But no hand was put forward to meet hers because of the little snakes.

Zinzara laughed aloud, and her laugh, in very truth, recalled certain notes of her double flute.

At that moment, Livette started to walk away.



"Come, you!" said the gipsy quickly,--"you refused to listen to me once, but to-day you must be very anxious to find out where your lover is, my beauty! Give me your hand without fear, if you are worthy to become the wife of a brave horseman."

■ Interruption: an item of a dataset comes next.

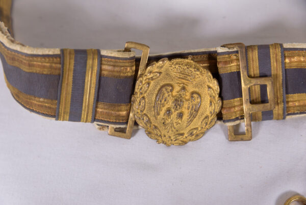 Set per Ufficiale Inferiore della Regia Aeronautica della Seconda Guerra Mondiale, composto da cinturone da parata completo di fibbia e attacchi per sciabola e cordone da parata con puntali metallici. Buono stato di conservazione.

Livette blushed vividly. Her two young friends arrived just then and heard what was said. "Don't you do it!" said one of them in an undertone, pulling Livette's skirt from behind; but, Livette, annoyed by the gipsy's expression, in which she fancied that she could detect a touch of mockery, put out her hand, not without a mental prayer for protection to the sainted Marys. The gipsy took the proffered hand in her own. The snakes put out their forked tongues. Livette was somewhat pale.

They were both very small, the fortune-teller's hand and the maiden's.

Renaud looked on from above with all his eyes, greatly surprised and a little disturbed in mind.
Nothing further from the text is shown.